The MIME type of the message body when sending a file or binary content (File, WrappedFile, byte or InputStream) to the model. Takes precedence over component content-type headers and automatic MIME type detection.

String

CamelOpenAIThinkingContent (producer)

Constant: THINKING_CONTENT

The thinking content extracted from …​ blocks in the model response.

String

CamelOpenAIReasoningContent (producer)

Constant: REASONING_CONTENT

The reasoning content from the model response reasoning_content field, used by thinking models like Qwen3 and DeepSeek-R1.

String

CamelOpenAIResponseModel (producer)

Constant: RESPONSE_MODEL

The model used for the completion response.

String

CamelOpenAIResponseId (producer)

Constant: RESPONSE_ID

The unique identifier for the completion response.

String

CamelOpenAIFinishReason (producer)

Constant: FINISH_REASON

The reason the completion finished (e.g., stop, length, content_filter).

String

CamelOpenAIPromptTokens (producer)

Constant: PROMPT_TOKENS

The number of tokens used in the prompt.

Integer

CamelOpenAICompletionTokens (producer)

Constant: COMPLETION_TOKENS

The number of tokens used in the completion.

Integer

CamelOpenAITotalTokens (producer)

Constant: TOTAL_TOKENS

The total number of tokens used (prompt completion).

Integer

CamelOpenAIToolIterations (producer)

Constant: TOOL_ITERATIONS

Number of tool call iterations performed in the agentic loop.

Integer

CamelOpenAIMcpToolCalls (producer)

Constant: MCP_TOOL_CALLS

List of tool names called during the agentic loop.

List

CamelOpenAIMcpReturnDirect (producer)

Constant: MCP_RETURN_DIRECT

Whether the response came directly from a tool with returnDirect=true, rather than from the LLM.

Boolean

CamelOpenAIResponse (producer)

Constant: RESPONSE

The complete OpenAI response object.

ChatCompletion

CamelOpenAIEmbeddingModel (producer)

Constant: EMBEDDING_MODEL

The model to use for embeddings.

String

CamelOpenAIEmbeddingDimensions (producer)

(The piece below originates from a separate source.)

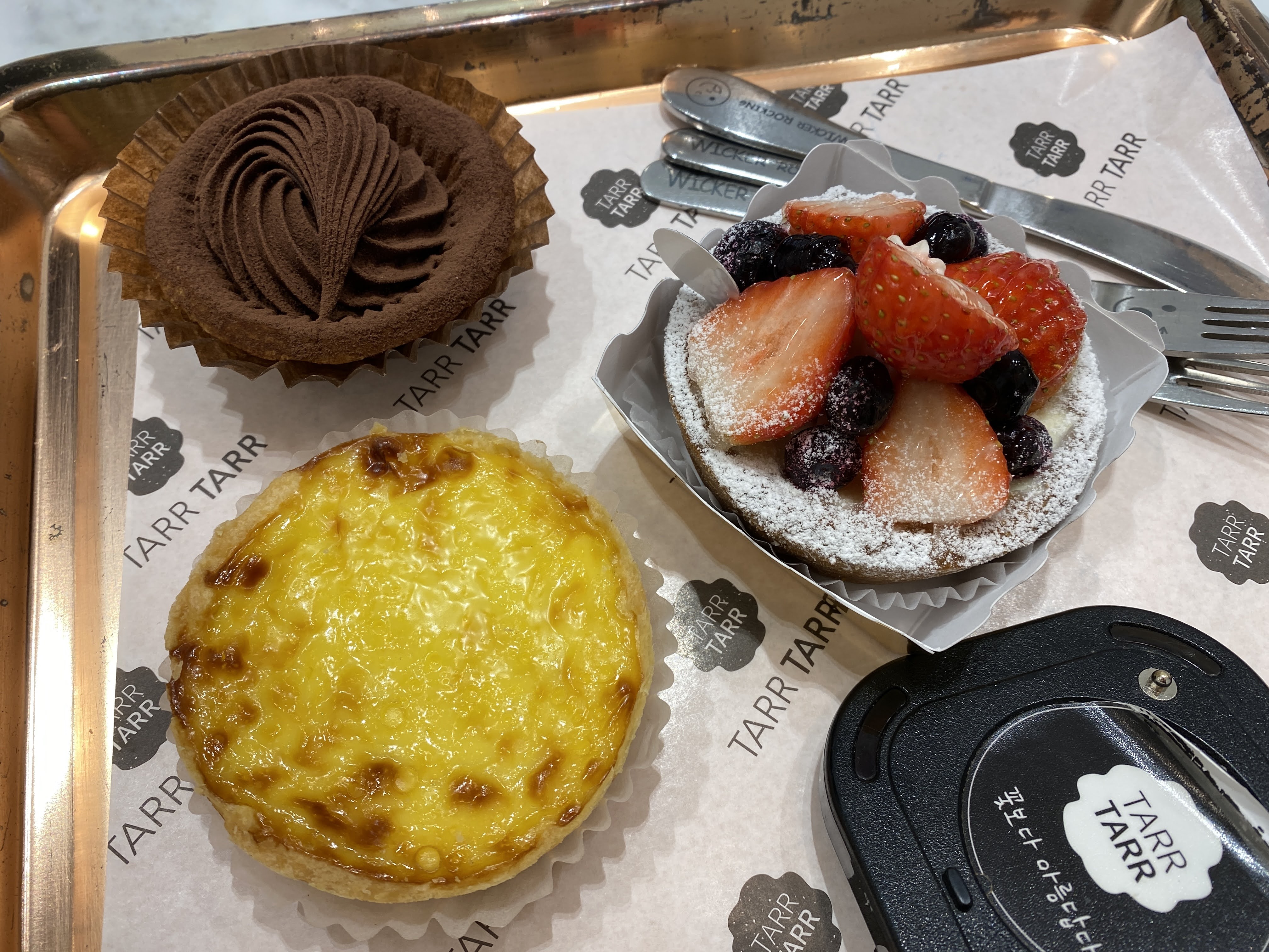 정말 한참을 고민하다가 어렵게 세 가지 타르트를 샀다. 에그타르트, 초코 타르트, 베리베리 타르트.

Constant: EMBEDDING_DIMENSIONS

Number of output dimensions.

Integer

CamelOpenAIEmbeddingResponseModel (producer)

Constant: EMBEDDING_RESPONSE_MODEL

The embedding model used in the response.

String

CamelOpenAIEmbeddingCount (producer)

Constant: EMBEDDING_COUNT

Number of embeddings returned.

Integer

CamelOpenAIEmbeddingVectorSize (producer)

Constant: EMBEDDING_VECTOR_SIZE

Vector dimensions of the embeddings.

Integer

CamelOpenAIReferenceEmbedding (producer)

Constant: REFERENCE_EMBEDDING

Reference embedding vector for similarity comparison.

List

CamelOpenAISimilarityScore (producer)

Constant: SIMILARITY_SCORE

Calculated cosine similarity score (0.0 to 1.0).

Double

CamelOpenAIOriginalText (producer)

Constant: ORIGINAL_TEXT

Original text content when embeddings operation is used.

String or List

CamelOpenAIAudioModel (producer)

Constant: AUDIO_MODEL

The model to use for audio transcription.

String

CamelOpenAIAudioLanguage (producer)

Constant: AUDIO_LANGUAGE

The language of the input audio (ISO-639-1).

String

CamelOpenAIAudioResponseFormat (producer)

Constant: AUDIO_RESPONSE_FORMAT

The response format for audio transcription (json, text, srt, verbose_json, vtt).

String

CamelOpenAIAudioTemperature (producer)

Constant: AUDIO_TEMPERATURE

Sampling temperature for audio transcription (0.0 to 1.0).

Double

CamelOpenAIAudioPrompt (producer)

Constant: AUDIO_PROMPT

Optional text to guide the model’s style or continue a previous audio segment.

String

CamelOpenAIAudioTimestampGranularities (producer)

Constant: AUDIO_TIMESTAMP_GRANULARITIES

Comma-separated timestamp granularities: word, segment, or word,segment (verbose_json only).

String

CamelOpenAIAudioDuration (producer)

Constant: AUDIO_DURATION

Duration of the audio in seconds (verbose_json only).

Double

CamelOpenAIAudioDetectedLanguage (producer)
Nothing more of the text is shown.